To Jemma’s mind, they had reached the heart of it. “Are you saying that nothing Fletch does feels good?”
Poppy bit her lip. “There’s something wrong with me, isn’t there? One night Fletch told me that I should be instructing him in what to do. I should tell him exactly what I wanted.”
“That’s easier than relying on a man,” Jemma said encouragingly.
“I just—I just want to do it right,” Poppy said despairingly. “Ever since the first night after we married, I’ve never been right. He wanted me to do this, or do that, and I didn’t even know what he was talking about. And then everything he did was so embarrassing. I don’t think he has any idea what well-bred women are supposed to be like!”
“Undoubtedly true. I have to say, Poppy, that Fletch sounds much more interesting than most English men.”
“Oh, he’s interesting,” Poppy said morosely. “He’s so beautiful now. I—I keep looking at him, and I can’t believe that I’m lucky enough to be married to him. And then he looks at me with such scorn and I remember how much of a failure I am, and I just wish he were married to someone else. That way I could love him from afar—and I would. I can’t imagine loving anyone but Fletch. If we weren’t married, he wouldn’t hate me so.”
“It seems to me that Fletch’s standards are entirely too high,” Jemma said. “Beaumont and I never showed any sort of ability in bed together, but that certainly wasn’t a source of concern to him.” She stopped short, remembering that their marriage had fallen apart when she discovered her husband making vigorous love to his mistress in his chambers at Westminster. “Or perhaps I just didn’t see it that way. After all, Beaumont had his mistress, though I didn’t realize it.”
“Before I married, Mama told me that Fletch would have a mistress,” Popppy said. Her voice wavered a little but she raised her chin. “I didn’t think he would because—because he loved me so much. But I expect I can get accustomed to the situation. I can become accustomed to anything. I have, after all, lived with my mother for years.”
“Listening to you, I could almost be grateful for my mother’s early demise,” Jemma said. “I never really knew her.”
“My mother loves me. She really does. And she sees in me all the possibilities that she lost when she was forced to marry my father.
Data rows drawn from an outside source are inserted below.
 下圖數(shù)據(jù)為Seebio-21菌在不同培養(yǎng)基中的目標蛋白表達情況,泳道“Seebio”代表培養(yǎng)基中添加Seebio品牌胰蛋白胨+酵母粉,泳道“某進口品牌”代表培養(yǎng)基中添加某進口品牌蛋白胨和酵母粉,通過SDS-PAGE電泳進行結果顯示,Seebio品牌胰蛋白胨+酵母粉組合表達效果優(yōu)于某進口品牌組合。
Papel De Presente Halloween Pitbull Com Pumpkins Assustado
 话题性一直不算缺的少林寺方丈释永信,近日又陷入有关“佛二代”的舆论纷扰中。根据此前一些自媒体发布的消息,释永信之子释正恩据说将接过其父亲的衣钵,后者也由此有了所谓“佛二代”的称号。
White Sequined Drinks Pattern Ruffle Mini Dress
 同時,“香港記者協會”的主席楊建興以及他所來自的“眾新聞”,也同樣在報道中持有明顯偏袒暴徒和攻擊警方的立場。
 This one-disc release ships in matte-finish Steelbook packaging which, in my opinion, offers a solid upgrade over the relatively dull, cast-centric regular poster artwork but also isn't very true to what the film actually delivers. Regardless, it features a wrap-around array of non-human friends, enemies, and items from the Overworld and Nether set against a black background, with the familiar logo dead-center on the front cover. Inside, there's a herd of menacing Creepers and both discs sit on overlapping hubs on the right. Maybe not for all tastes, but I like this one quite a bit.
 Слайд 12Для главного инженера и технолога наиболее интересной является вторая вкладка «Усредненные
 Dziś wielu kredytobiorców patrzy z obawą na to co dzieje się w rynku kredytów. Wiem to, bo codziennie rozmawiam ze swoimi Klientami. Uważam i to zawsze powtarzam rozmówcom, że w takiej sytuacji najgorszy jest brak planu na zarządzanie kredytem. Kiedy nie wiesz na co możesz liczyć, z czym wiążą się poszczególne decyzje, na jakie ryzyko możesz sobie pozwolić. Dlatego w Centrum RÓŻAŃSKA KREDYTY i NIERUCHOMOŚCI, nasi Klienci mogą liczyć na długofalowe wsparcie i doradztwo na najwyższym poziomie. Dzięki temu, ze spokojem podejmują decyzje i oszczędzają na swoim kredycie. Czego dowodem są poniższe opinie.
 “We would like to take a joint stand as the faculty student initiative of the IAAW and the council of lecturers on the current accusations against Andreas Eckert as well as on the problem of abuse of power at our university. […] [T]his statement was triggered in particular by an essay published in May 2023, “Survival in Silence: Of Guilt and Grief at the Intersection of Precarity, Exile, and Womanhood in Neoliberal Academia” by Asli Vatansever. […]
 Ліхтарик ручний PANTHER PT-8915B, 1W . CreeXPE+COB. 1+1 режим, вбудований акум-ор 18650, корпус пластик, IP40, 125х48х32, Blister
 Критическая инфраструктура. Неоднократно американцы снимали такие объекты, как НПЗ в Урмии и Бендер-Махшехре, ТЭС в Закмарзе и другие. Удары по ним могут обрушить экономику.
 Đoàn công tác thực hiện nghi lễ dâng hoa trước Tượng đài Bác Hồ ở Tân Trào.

She says he was never clever, and of course, he wasn’t titled.”
“A distasteful comment to make about one’s husband,” Jemma said bluntly.
“She told me once that the cleverest thing my father ever did was die young.”
“Substitute cruel for distasteful.”
“But when she took over the estates, she made them quite enormously profitable.”
“How did she do that?”
“She enclosed all the land and put sheep in the fields where the tenants used to farm.”
The fate of the tenants hung in the air between Jemma and Poppy.
“I am not very good at rebelling,” Poppy said with a helpless little shrug. “I am not a strong sort of person.”
“You might surprise yourself,” Jemma said. “You are certainly surprising me. And I have no doubt but that your mama is surprised as well.”
Poppy smiled for the first time. “Horrified.”
“Good,” Jemma said. “Good.”
Chapter 16
June 5
It was the beginning of June; the Duke of Villiers had been ill over a month. Yet still he tossed on the pillow, his cheeks stained cherry red, words tumbling from his lips like leaves from a tree in autumn. Finchley found himself terrified. He scared off Banderspit, who still wanted to bleed him. He shouted at Mrs. Ferrers when she wanted to give the duke sips of fresh cock’s blood.
“If he doesn’t come out of this by morning,” the doctor said as he departed, “he won’t come out of it at all. Mark my words. A patient can’t survive with that fever if he doesn’t drink.”